Pero, sin duda alguna, el aspecto más “expuesto a la crítica” es el relativo a la prórroga del estado de alarma que se realizó mediante decreto de 17 de diciembre. Así, cabe ciertamente dudar de la pertinencia constitucional de dicha prórroga, máxime cuando en tal fecha el conflicto estaba claramente encauzado al haberse restablecido la normalidad, llegando a firmar el 80% de los controladores un compromiso de continuidad en el servicio. Los argumentos esgrimidos en la mencionada norma jurídica no dejan de llamar la atención pasados tres años, al invocarse como razones justificadoras el perjuicio económico, el daño a la imagen internacional de España, la alarma social e incluso el temor (sic) por parte de la ciudadanía a que los hechos pudieran repetirse.
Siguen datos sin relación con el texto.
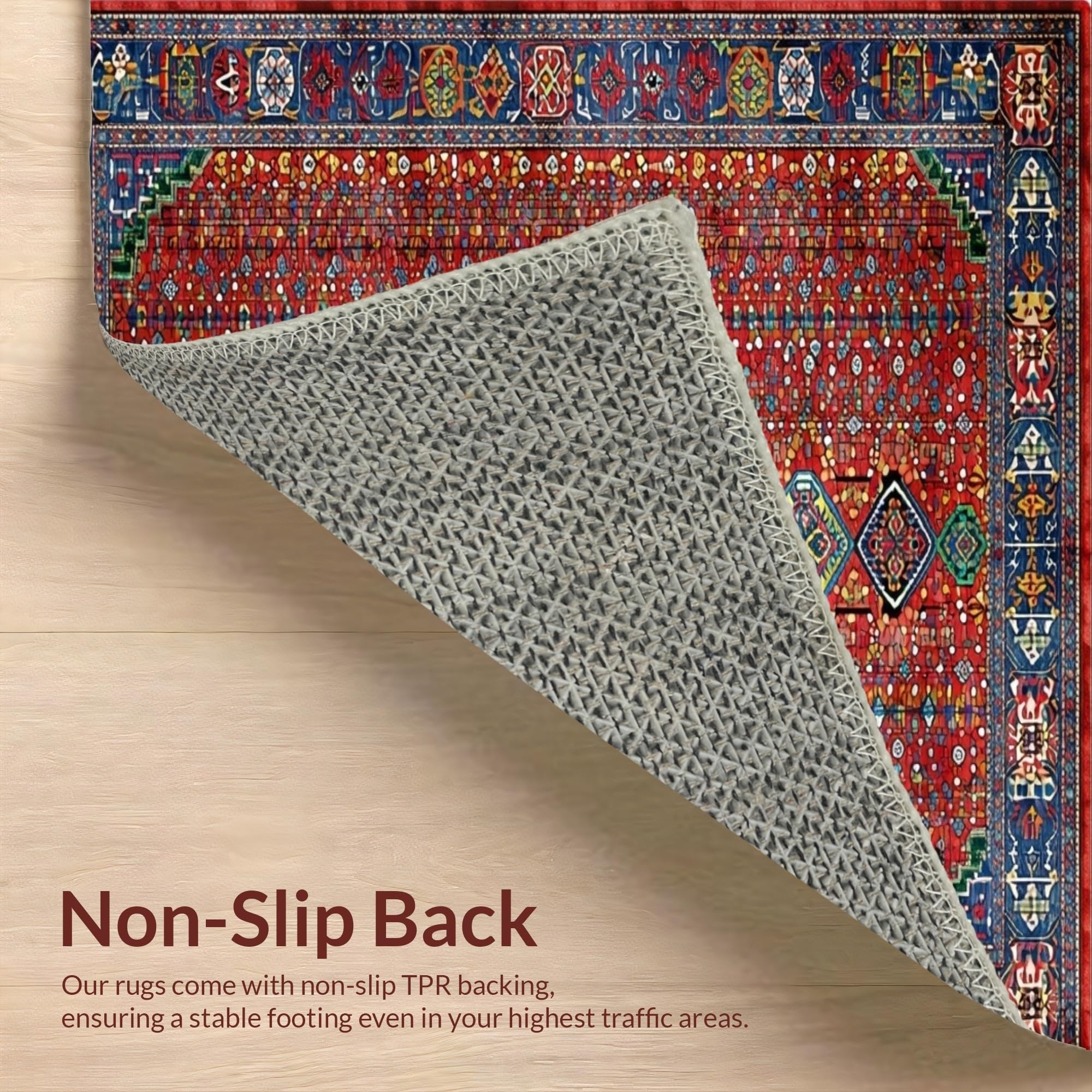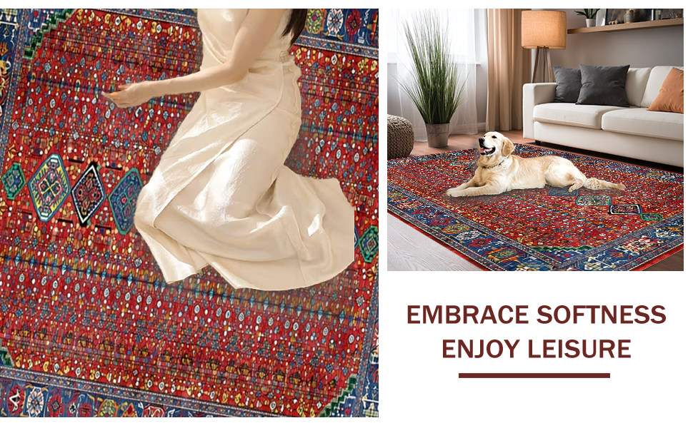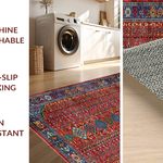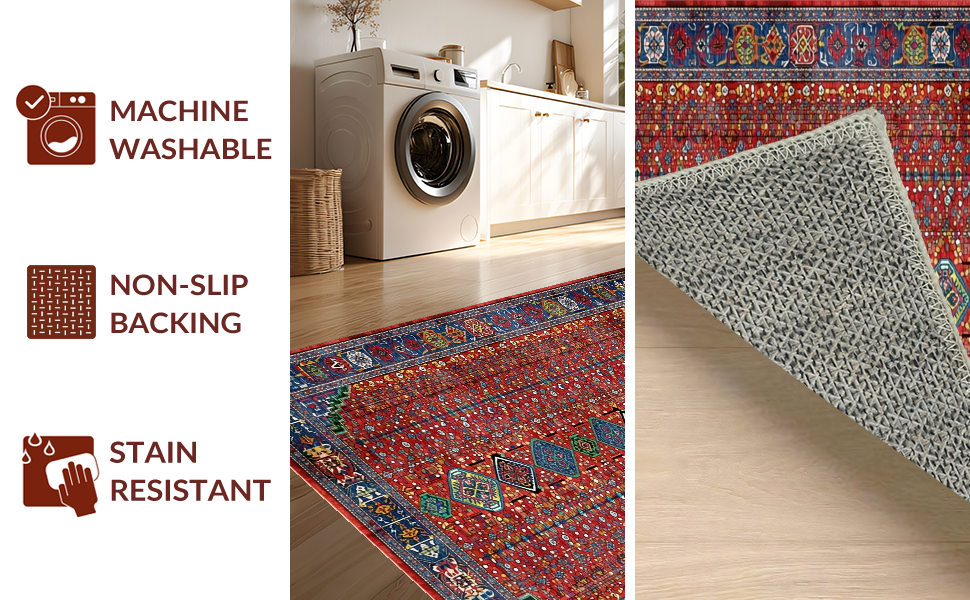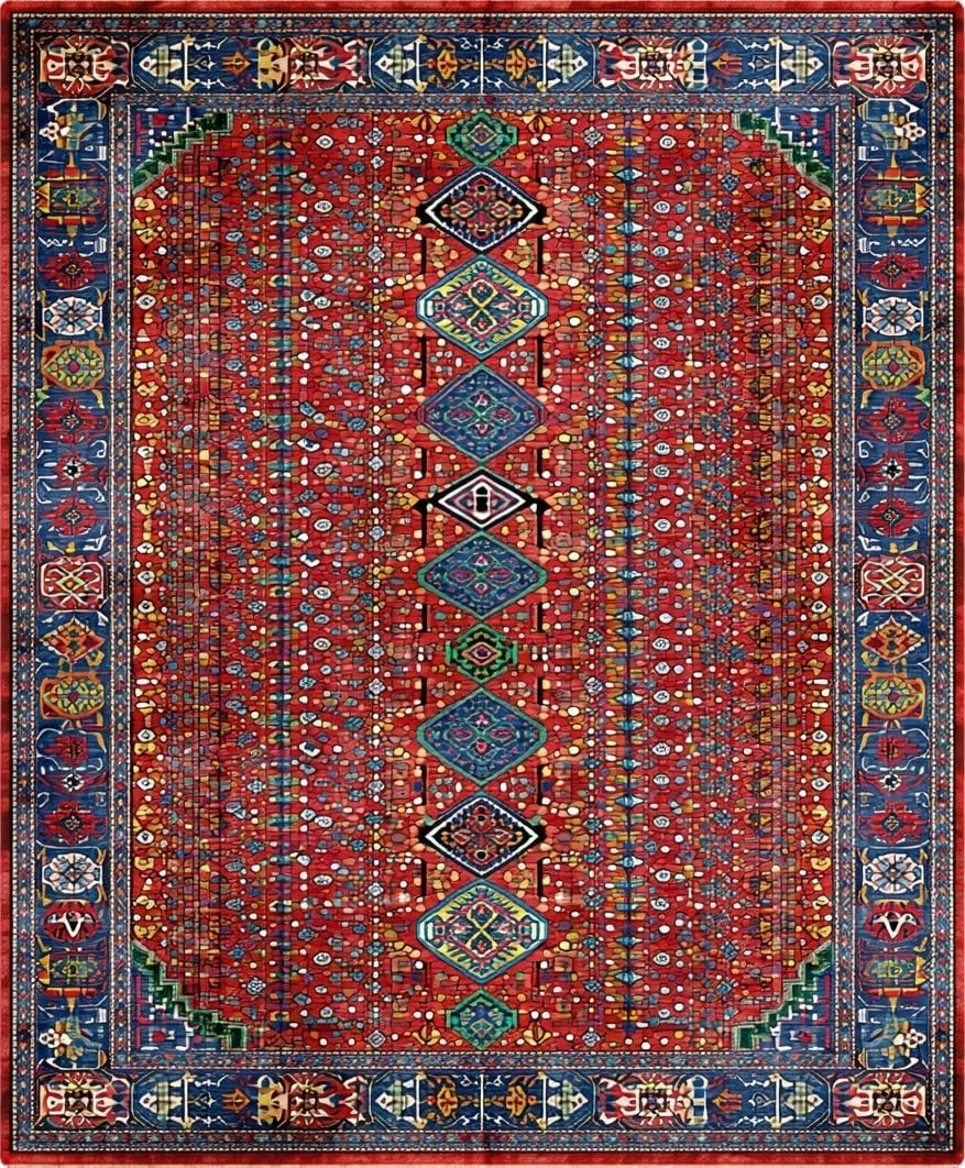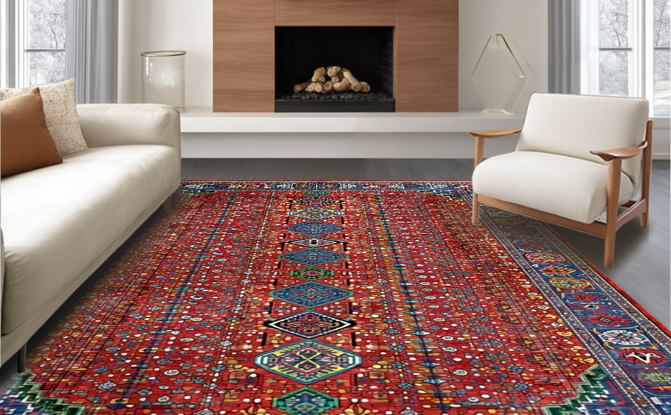 Ultra Soft Area Rug, Non Slip, Stain Resistant, Washable Area Rugs for Living Room, Bedroom, Rustic Handcrafted Colorful Motif(Red) Overview:

Los aspectos analizados permiten concluir que, desde un estricto punto de vista jurídico constitucional, las actuaciones seguidas son más que discutibles. Ha sido una oportunidad perdida para la ciencia jurídica española que el Tribunal Supremo no se pronunciara sobre el fondo de los recursos que posteriormente se entablaron contra la concatenación de decretos de esos días. Así, la alta instancia judicial rechazó la demanda con el argumento de que se trataba de un acto no fiscalizable del poder político (lo que viene a resucitar, en cierto modo, la noción de acto político) y de que, en cualquier caso, la intervención del Congreso de los Diputados al autorizar la prórroga sanaba cualquier vulneración de la Ley Orgánica 4/1981. Con el máximo respeto hacia el Alto Tribunal, esta última conclusión no se compadece con la distribución de competencias entre poderes realizadas por el constituyente (la declaración del estado de alarma y su prórroga son propiamente actos del ejecutivo y no del legislativo), con el sistema de fuentes y con la finalidad de los procedimientos parlamentarios (sólo una reforma de la LO 4/1981, con una retroactividad más que cuestionable, hubiera podido ser suficiente).
Se ha llegado a decir que los mecanismos utilizados hace tres años implicaron una auténtica “banalización” del estado de alarma. Sin ánimo de entrar en la polémica (aunque, ciertamente, es ilustrativo que la sesión “autorizatoria” de la prórroga apenas durase una hora), cabe concluir que a la puerta del derecho de excepción ha de llamarse en muy contadas ocasiones (como la propia historia nos ha enseñado), y siempre tras una análisis riguroso y concienzudo de las alternativas presentes. En cualquier caso, afortunadamente, la Constitución se defiende todos los días por cauces ordinarios.